Die Stadt berichtete am Montag (6. Februar), was bisher erreicht wurde und was 2023 noch ansteht. Noch bis Ende des Jahres können Marburger*innen Anträge auf Förderung stellen.
„Mit den Förderungen aus dem Dorfentwicklungsprogramm haben wir in den Marburger Außenstadtteilen einige Projekte auf den Weg gebracht – ob Mehrgenerationenplätze, Umbauten, Sanierungen oder das Carsharing-Projekt für eine verbesserte und nachhaltige Mobilität“, resümierte Stadtrat Dr. Michael Kopatz. „Mein besonderer Dank gilt dabei vor allem den Bürger*innen, ohne deren herausragendes Engagement das alles nicht möglich wäre.“
Die Universitätsstadt Marburg ist mit ihren 15 Außenstadtteilen 2014 in das Dorfentwicklungsprogramm des Landes Hessen aufgenommen worden und startete damit ein Pilotprojekt zur Dorfentwicklung in Hessen. Hintergrund für das Programm sind die steigenden Anforderungen, die sich vor allem aus dem demografischen und sozioökonomischen Wandel ergeben. Deshalb sollen in den ländlich geprägten Stadtteilen zentrale Funktionen gestärkt und gute Wohn- und Lebensqualität erhalten und verbessert werden.

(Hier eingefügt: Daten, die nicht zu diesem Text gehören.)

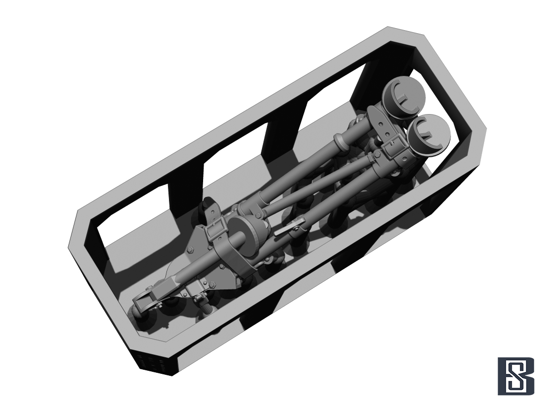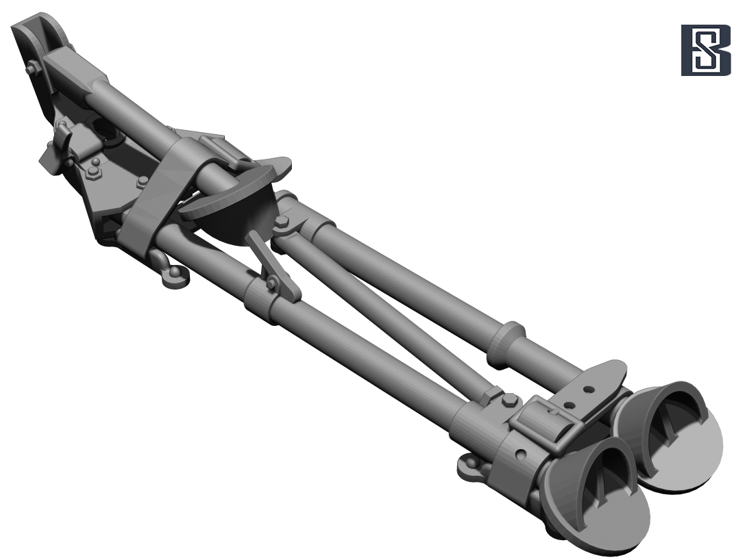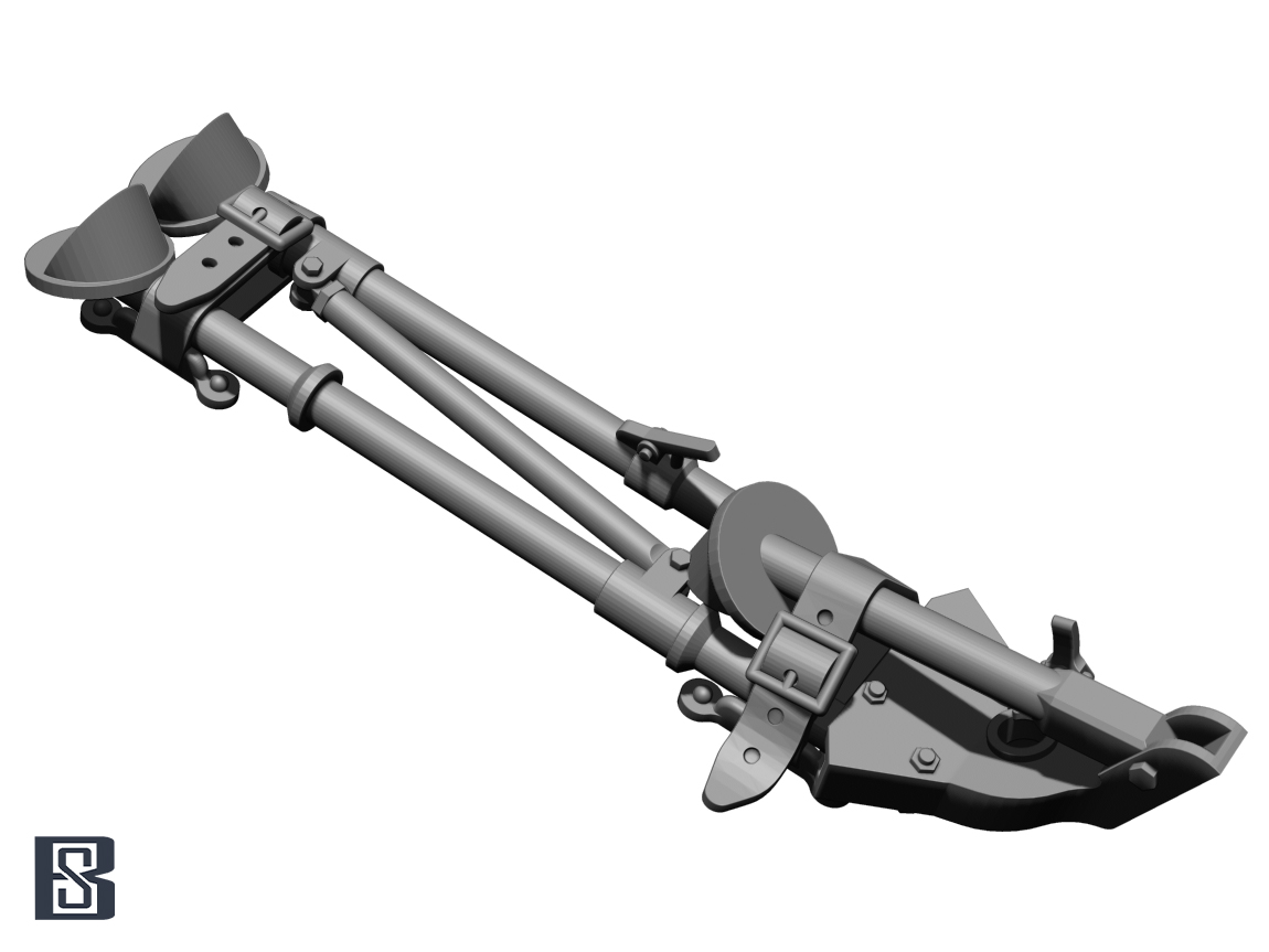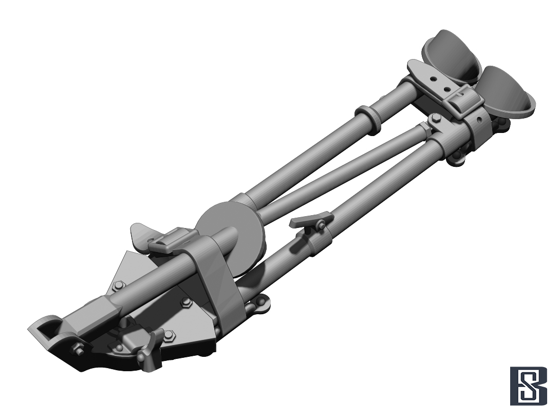 ライト類やライトガード、警笛、フェンダーステー、対空機銃ピントル基部、アンテナ基部、ジャッキ台、排気管カバー、シュルツェン架、各種車外装備品のクランプやホルダーなどを、3Dプリントにより正確かつ精密に再現します。また折り畳んだ状態の機銃三脚架も付属します。

Begonnen hat die Dorfentwicklung in Marburg mit öffentlichen Ortsrundgängen in allen Außenstadtteilen. Ideen und Wünsche wurden gesammelt, Stärken und Schwächen analysiert – so entstand mit Hilfe von mehr als 300 Bürgerinnen und Bürgern das „Integrierte Kommunale Entwicklungskonzept“ (IKEK), das die Stadtverordnetenversammlung (StVV) im November 2016 beschlossen hat.
Der Slogan „Marburg, das sind wir alle“ dient dabei als Leitbegriff. Die Themen reichen von Konzepten gegen zunehmenden Leerstand in den Dorfkernen über die Vernetzung von Vereinen und Kulturangeboten, Verbesserung der Aufenthaltsqualität von zentralen Grünflächen bis zu der Förderung der Fahrradmobilität zwischen den Dörfern und in die Kernstadt. Entstanden sind dann mehrere Arbeitsgruppen aus engagierten Bürger*innen, die sich bestimmten Themenschwerpunkten in der Dorfentwicklung widmen.
Ein Schwerpunkt im IKEK ist die Sanierung von Bürgerhäusern (BGH). In Bortshausen wurde sie bereits abgeschlossen. Der Umbau kostete rund 200.000 Euro.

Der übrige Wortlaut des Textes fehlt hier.